Let’s create a script (you can name it: “imposm_run.sh”) that will launch data updating process:
#!/bin/bash
<specify directory>/imposm-0.11.1-linux-x86-64/imposm run -config <specify directory>/config.json
Our service will start after PostgreSQL service starts. When using external database e.g. RDS that would not be desired. In such case remove After=postgresql.service
from service file.
Create “imposm.service” file:
[Unit]
Description=IMPOSM3 service that keeps your copy of OpenStreetMap data updated.
After=network.target
After=postgresql.service
StartLimitIntervalSec=0
[Service]
Type=simple
Restart=always
RestartSec=5
User=<specify user>
ExecStart=/bin/bash "<specify directory>/imposm_run.sh"
[Install]
WantedBy=multi-user.target
Copy service file to correct location, set its permissions, and reload service daemon:
sudo cp <specify directory>/imposm.service /etc/systemd/system/imposm.service
sudo chmod 600 /etc/systemd/system/imposm.service
sudo systemctl daemon-reload
Now we can use these commands to start and stop our service:
sudo service imposm start
sudo service imposm stop
Tips for production use
Process that updates our database generates some data that stays on disk. If left without supervision this will grow in size indefinitely.

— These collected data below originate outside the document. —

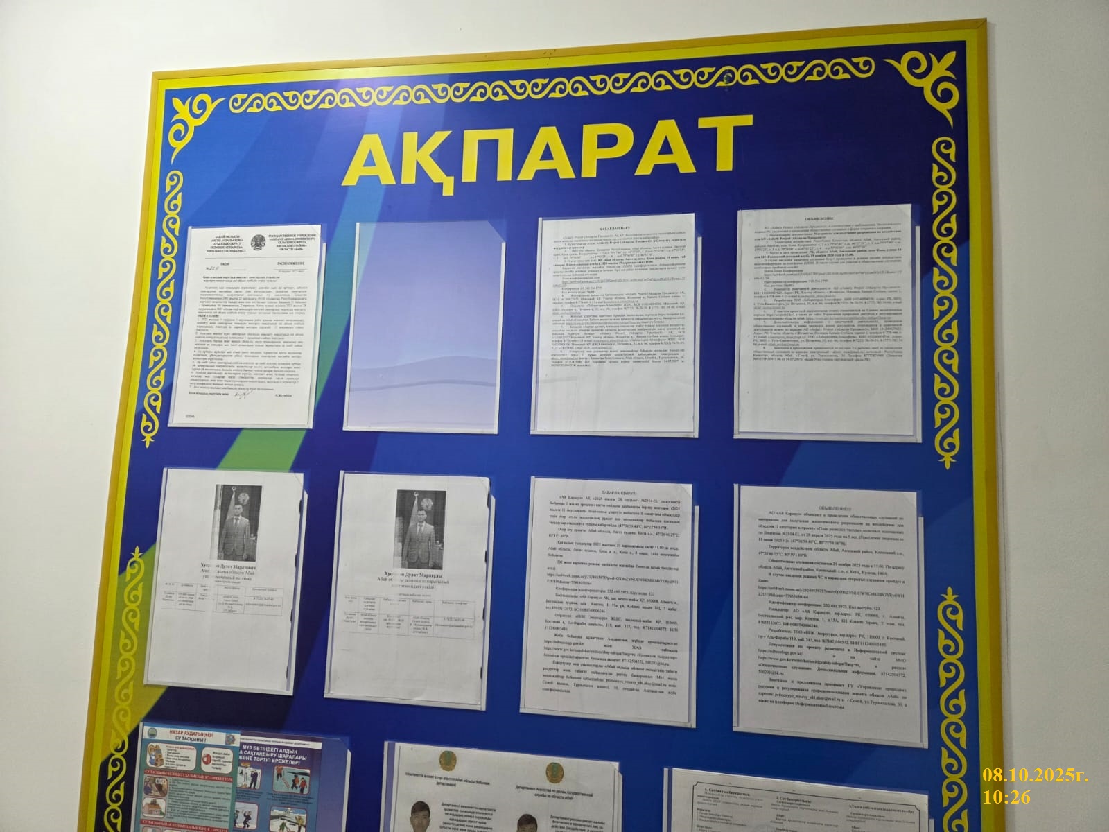 6.3. расположение мест, специально предназначенных для Размещения печатных объявлений (доски объявлений): область Абай, Аягозский район, Копинский с.о., с.Копа, 8 улица, 146А (информационный стенд акимата)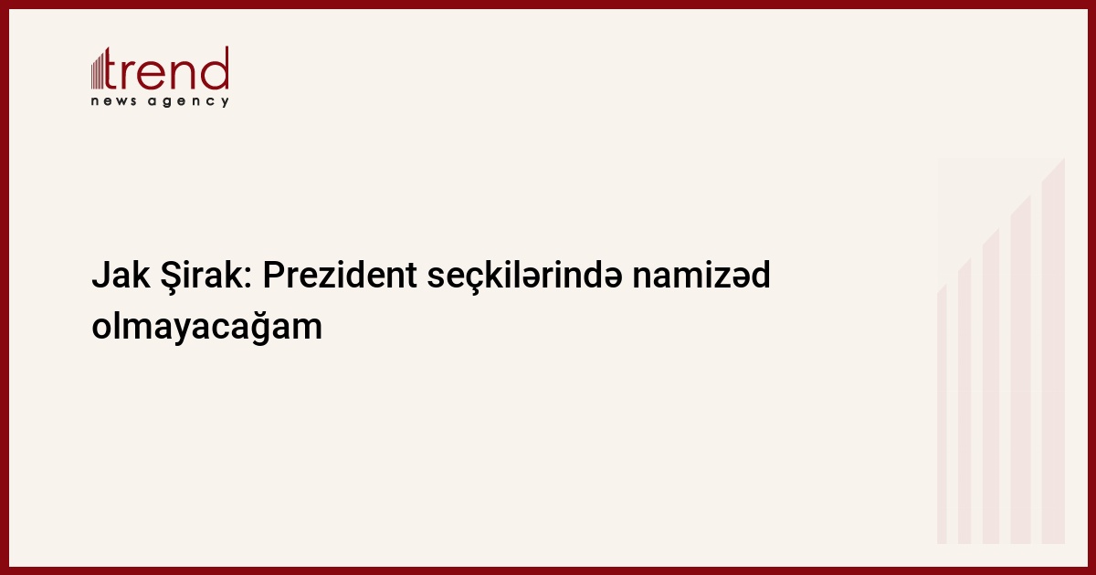 Fransa, Strasburq/ Trend müxbir E.Məcidli/ Fransa prezidenti Jak Şirak gələn ay keçiriləcək prezident seçkilərində iştirak etməyəcəyini bildirib.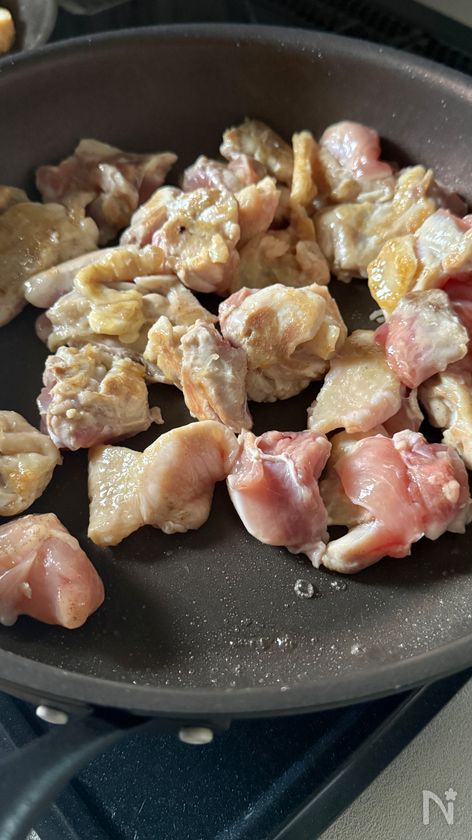 (3) 鶏肉の皮目を下にして中火にかけ表面を焼く。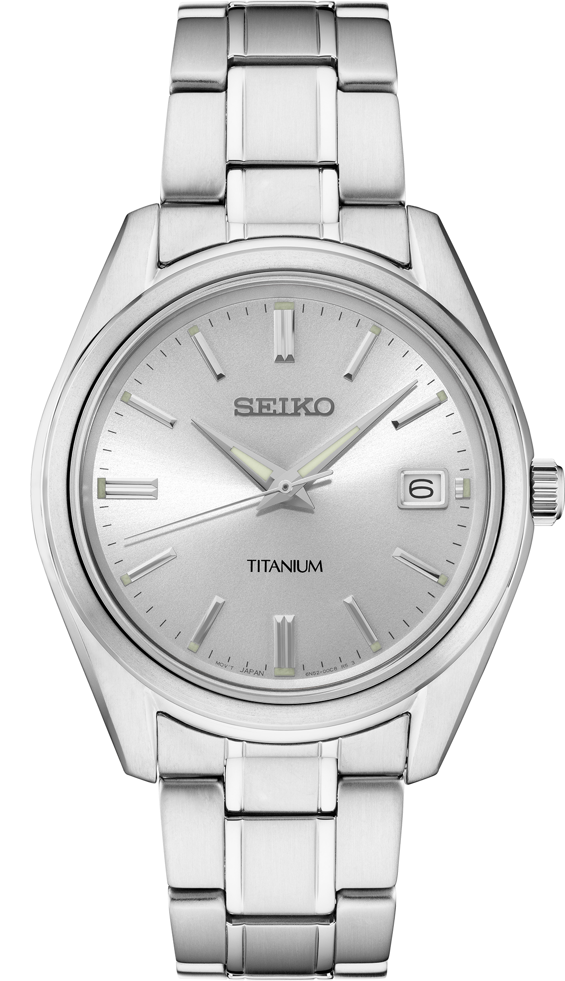 From the Essentials Collection. Offering classic dress/sport designs, the Essentials Collection provides the ideal solution for everyday wear. Crafted of durable and light-weight titanium, this perfectly tailored watch features a contemporary minimalist silver sunray dial with date calendar, for a superb blend of clarity and wearability. The sapphire crystal adds superior scratch resistance. 10 bar, 100M Water Resistant

You can add these commands in cron
to keep disk usage low.
# deleting osm replication files downloaded more than 7 days ago
find <specify directory>/imposm_diff/0* -mtime +7 -type f -delete
# remove empty directories
find <specify directory>/imposm_diff/0* -empty -type d -delete
# most of imposm logs are printed to system log by default
# you can clean it up with this command
journalctl --vacuum-time=10d
Additionally I would recommend to run VACUUM ANALYZE
in Postgres periodically.
After service has been running for a long time shutting it down temporarily and “defragmenting” data by running VACUUM FULL
then ANALYZE
may improve disk usage and performance.